WHAT IS REQUIRED >>
Given the records below, would you repeat exactly the lines that begin at the one containing "Water Drop Circle" and end at the one containing "Sudáfrica, Namibia, Canarias, Marruecos, España", inclusive?
:: TASK MATERIAL
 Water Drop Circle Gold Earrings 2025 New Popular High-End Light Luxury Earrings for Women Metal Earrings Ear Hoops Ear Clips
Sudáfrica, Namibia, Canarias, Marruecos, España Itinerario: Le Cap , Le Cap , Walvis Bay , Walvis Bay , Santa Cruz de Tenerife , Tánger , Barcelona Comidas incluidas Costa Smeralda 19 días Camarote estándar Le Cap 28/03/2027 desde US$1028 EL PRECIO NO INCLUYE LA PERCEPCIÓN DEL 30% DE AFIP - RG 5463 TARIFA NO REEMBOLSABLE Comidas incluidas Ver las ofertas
::::
:: TASK MATERIAL
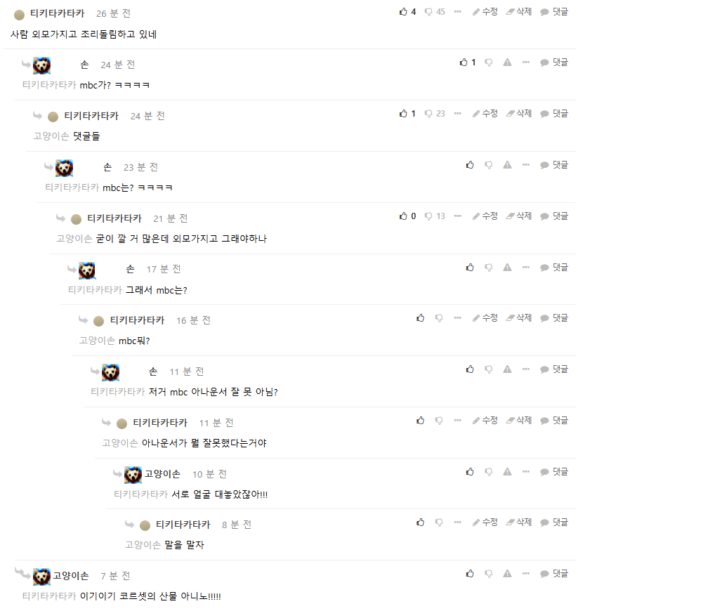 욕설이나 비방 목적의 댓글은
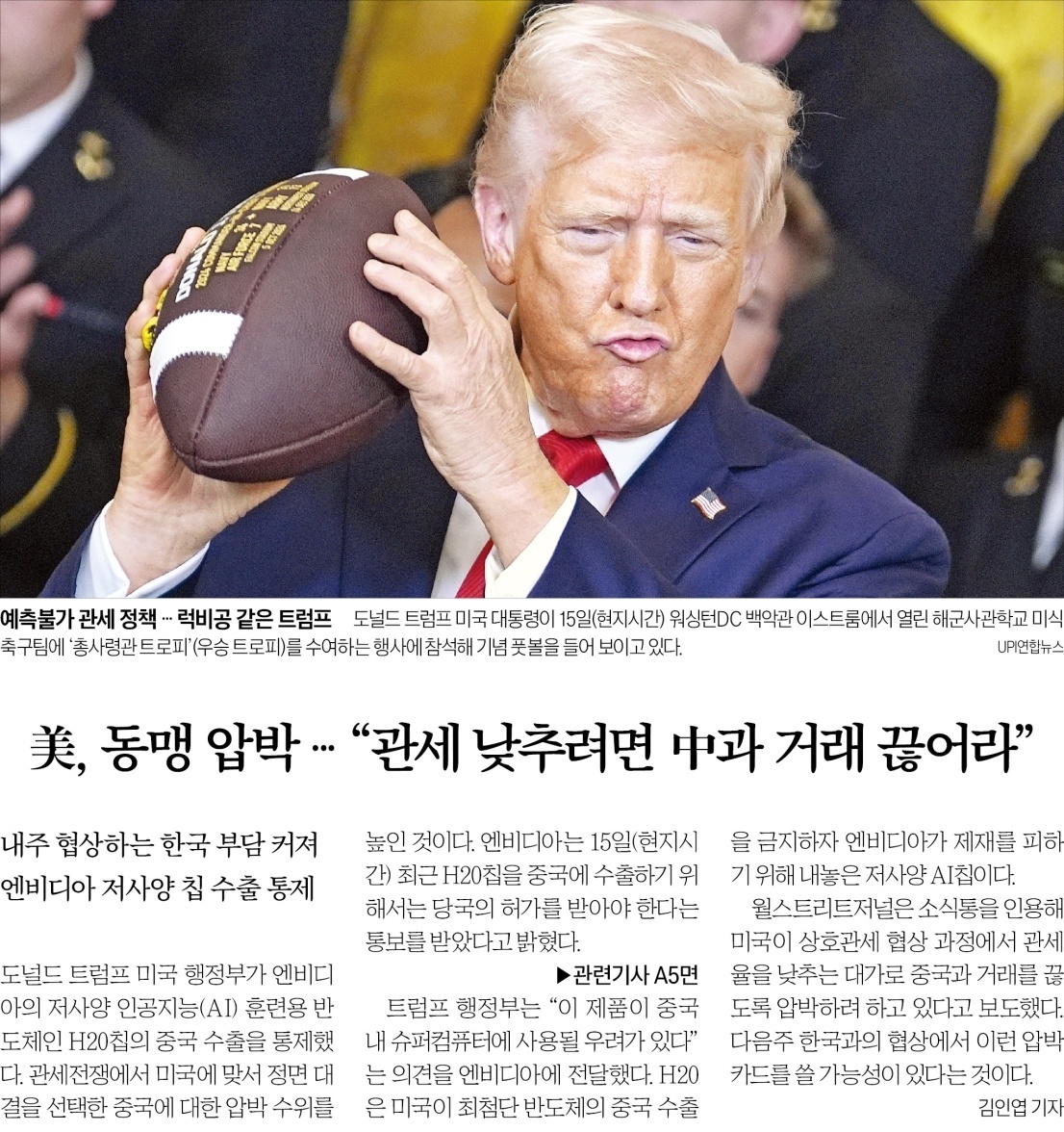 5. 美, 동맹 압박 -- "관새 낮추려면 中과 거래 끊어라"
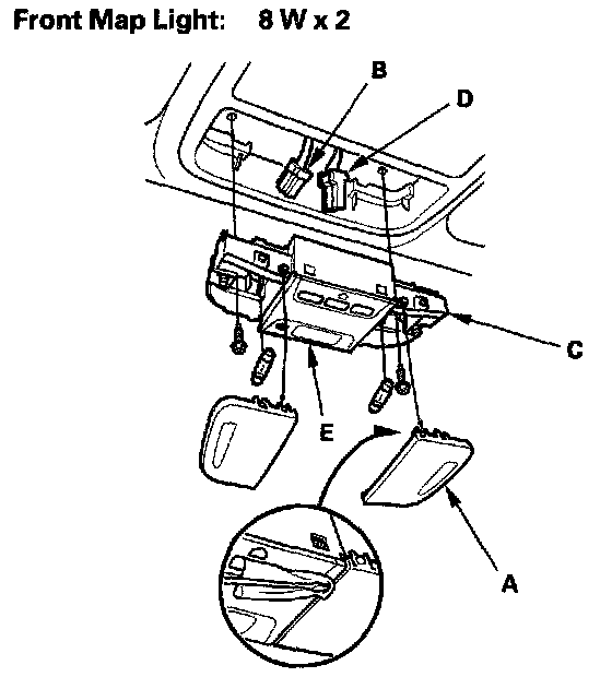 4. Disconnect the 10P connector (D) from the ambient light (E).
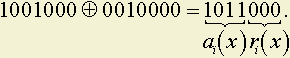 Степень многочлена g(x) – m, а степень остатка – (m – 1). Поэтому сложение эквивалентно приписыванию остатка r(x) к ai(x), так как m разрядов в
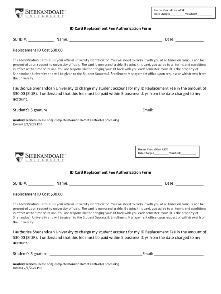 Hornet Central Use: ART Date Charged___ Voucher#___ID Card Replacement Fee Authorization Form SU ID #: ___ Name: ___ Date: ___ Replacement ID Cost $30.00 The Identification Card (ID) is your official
::::
OUTPUT OF THE EXERCISE >>
 Water Drop Circle Gold Earrings 2025 New Popular High-End Light Luxury Earrings for Women Metal Earrings Ear Hoops Ear Clips
Sudáfrica, Namibia, Canarias, Marruecos, España Itinerario: Le Cap , Le Cap , Walvis Bay , Walvis Bay , Santa Cruz de Tenerife , Tánger , Barcelona Comidas incluidas Costa Smeralda 19 días Camarote estándar Le Cap 28/03/2027 desde US$1028 EL PRECIO NO INCLUYE LA PERCEPCIÓN DEL 30% DE AFIP - RG 5463 TARIFA NO REEMBOLSABLE Comidas incluidas Ver las ofertas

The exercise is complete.